Do I believe everything I’ve written here? I will tell you for a fact that I do believe that every hypothesis in this blog actually came out of my brain. Some of it may have come out of somebody else’s brain first, but that’s beside the point. I’m not going to go so far as to claim it is all correct and I’m not going to claim that I was using all of my brain at the time. What I can tell you is that some of it is most likely wrong, but I haven’t figured out which parts yet, so I’ll probably have to make some edits as soon as I do.

So, if you don’t like what I’ve written, it won’t help to stalk me or call me names. The ideas are already out there for others to read, but they have to compete with about a billion other books, news articles, and blogs. So, if you are really mad, just turn the other cheek and hope it gets lost in the ever-growing mountain of information our society is creating. I don’t exactly expect this to become a top-rated blog, a best selling book, or a classic of literature or science. So, just enjoy it if you can and pass it on to someone else. I know that many of us read blogs purely for entertainment so we don’t have to think too hard about the reality of the world. But please consider turning on your brain while reading and let me know what you think. I ‘m always looking for another good new hypothesis and some facts to support or destroy it.

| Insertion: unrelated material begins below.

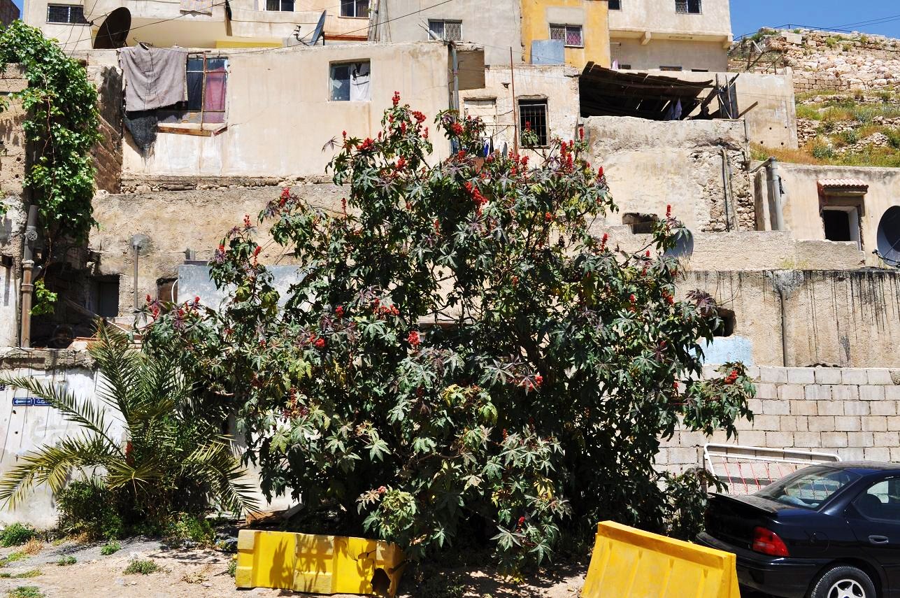 Between the Roman theatre and the citadel was this large castor oil plant (Ricinus communis). Amman generally gets freezes (and snow, sometimes heavy) most winters, but tender vegetation can grow in thermal belts...
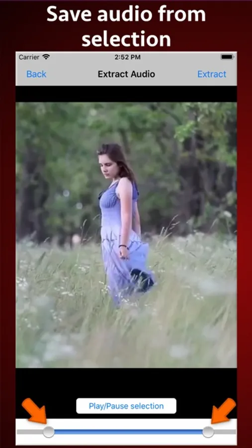 -- Extract sound : Extract sound/audio from a video and save it as a separate audio file. You could also extract sound from only selected part of the video and save it as a separate audio file. The extracted audio could be shared easily with other applications as well.

Most people only get the chance to whine and complain to a very small number of friends and family members. But if they whine too much, that number can quickly shrink until there is nobody left who can stand listening to you. I rarely complain to people, although that might be because I don’t have many friends to begin with. In any case, I thought that one advantage of writing a blog would be the ability to offer up my pet peeves to a really large audience, assuming anybody actually finds it and bothers to read.

I figure that, as long as I put a limit on the amount of complaining and tuck it in between more useful or entertaining information, it might go by relatively unnoticed or at least tolerated. My greatest hope is that I might even give an idea or two to someone who can actually do something to fix a few small, annoying problems, and maybe even one of the big ones.

So, this blog is a little like the meatballs your mother may have made for you. Not 100% beef, but rather a combination of beef, spinach, flax seed, or whatever vegetables, grains, or other good- for-you additives she was able to tuck in there to get into your body unnoticed.

Much of this blog is about god and aliens, but not because they are important elements of my daily life. I think it is because I am attracted to things that are ironic. One of these is something that large number of people eagerly believe in, or pretend to believe in, despite a total lack of evidence or even a coherent and consistent explanation. The other is something that a relatively smaller number of people believe in, even if they don’t admit it, because there is a relatively large amount of evidence that is also fairly coherent and consistent across a wide number of observations. We might even speculate that god and aliens really derive from the same poorly understood phenomenon.

So, there you go. Start reading if you dare.